The average herbage on offer during each period was affected by the grazing intensity (Tables 3, 4) with a general increase of available herbage from grazing intensity M, over L to VL, but also a visual decline in the available herbage from 2017 until 2020 (Table 4). The values for each measured date are provided in the supplements (Supplementary Figure 1). The herbage allowance was affected by the grazing intensity in all periods (Table 3) and generally increased in the order M < L < VL (Table 4).

There were only significant effects of the grazing intensity on the SD herbage mass in spring of 2019 and 2020 (Table 3) with a clearly lower variability within grazing intensity treatment M compared with L and VL in that period (Table 4). A general trend for increases in SD herbage mass in the rank order M < L ≤ VL, however, became clear for all periods.

Spatial Distribution in Relation to Grazing Intensity and Period

The Camargo Index was determined for the “active time,” identified as the hours of peak activity according to Figure 1, and for the remaining time (other time) within each period. The Camargo index for the active time was affected by the grazing intensity only in 2017 and 2019 autumn (Table 3), and declined from M to L and VL, indicating a more even distribution within the paddock in grazing intensity M during these periods (Figure 3). This was also confirmed for the Camargo index of the other time periods (Figure 4) which were affected by the grazing intensity in all periods except of spring 2019 (Table 3).

FIGURE 3

Figure 3. Estimated means (±SE) of the Camargo Index during active time as influenced by the grazing period and grazing intensity. M, moderate; L, lenient; VL, very lenient stocking rate. Identical lowercase letters indicate that means are not different at p < 0.05.

FIGURE 4

Figure 4. Estimated means (±SE) of the Camargo Index during other time as influenced by the grazing period and grazing intensity. M, moderate; L, lenient; VL, very lenient stocking rate. Identical Lowercase letters indicate that means are not different at p < 0.05 within periods.

The distribution of spatial points between pastures within each period is given in Figure 5. Time (s d⁻¹) spent in each 5 × 5 m grid cell was categorized into five percentiles, visualized as density maps.

FIGURE 5

Figure 5. Density maps of cattle location during active time/other time within 5 × 5 m gridcells on the experimental site.

Discussion

While there are many studies on the effects of cattle grazing in different grazing intensities on outcomes for herbage quality (13, 39), biodiversity (3, 40–42), sward botanical composition (43) or productivity (3, 40, 41), the current study is the first to quantify the relationship between cattle movement and grazing intensity, taking into account herbage availability. We hypothesized that (i) cattle activity increased with lower herbage allowance. We further hypothesized that (ii) the spatial distribution of cattle during activity (grazing) peaks is more even under moderate compared to lenient grazing intensity.

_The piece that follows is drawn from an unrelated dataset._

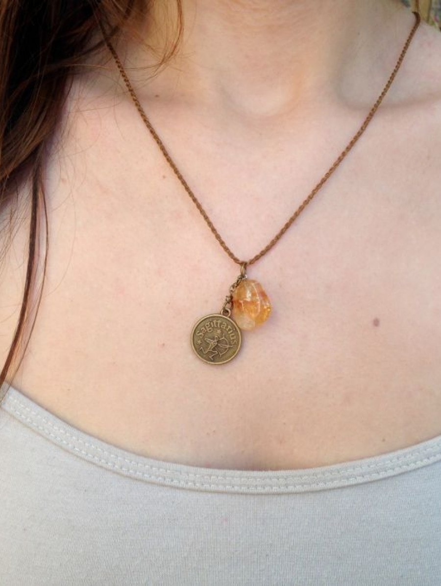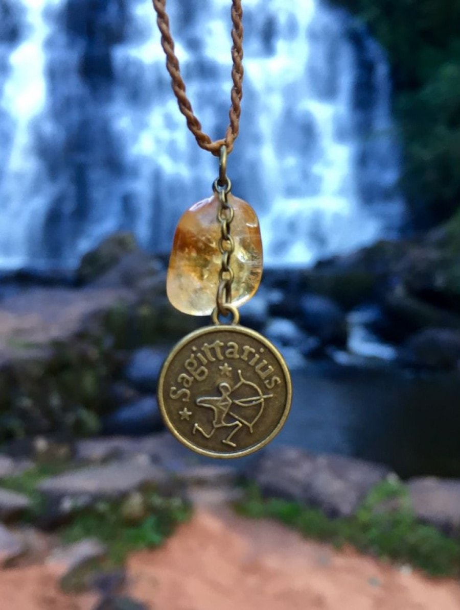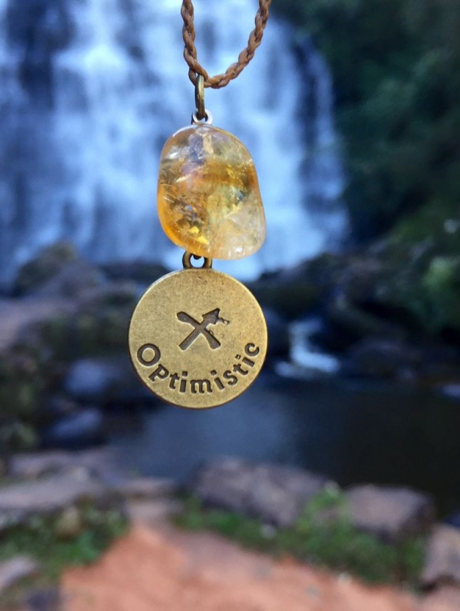 Material: Cordão encerado, pingente de metal e pedra topázio. Medida: 45cm de comprimento.

Variation in Herbage Availability and Patterns of Walking Distances in Relation to Grazing Intensity

With an increase in the grazing intensity, the herbage on offer and consequently also the herbage allowance declined (rank order: M < L < VL). However, the spatial heterogeneity of the herbage on offer decreased with increasing grazing intensity (M < VL) which means that the amount of available herbage was lower but more evenly distributed under the moderate grazing treatment M. Increases in the stocking rate and a decline in herbage allowance per individual will cause an increase in the effort of walking on pastures of similar botanical composition (22) – especially under low-input conditions when grassland growth rates are low. Except for the last period, moderate grazing intensity tended to be associated with the greatest effort in walking compared with the other grazing intensities, an effect which became clearly significant in 2017 (Table 4). Hejcmanová et al. (14) investigated behavioral patterns under extensive and intensive continuous grazing and found a clear trend towards longer grazing durations under intensive management. Generally, this larger effort in walking under moderate than under lenient grazing arose from longer durations of the two or three main peak activity phases per 24-h period (Figure 3). However, walking distances were also higher under very lenient than under lenient grazing in some periods (Table 4). Based on the flatter slope between grazing time and walking (Figure 2), this could be attributed to an increased effort in searching of foraging sites.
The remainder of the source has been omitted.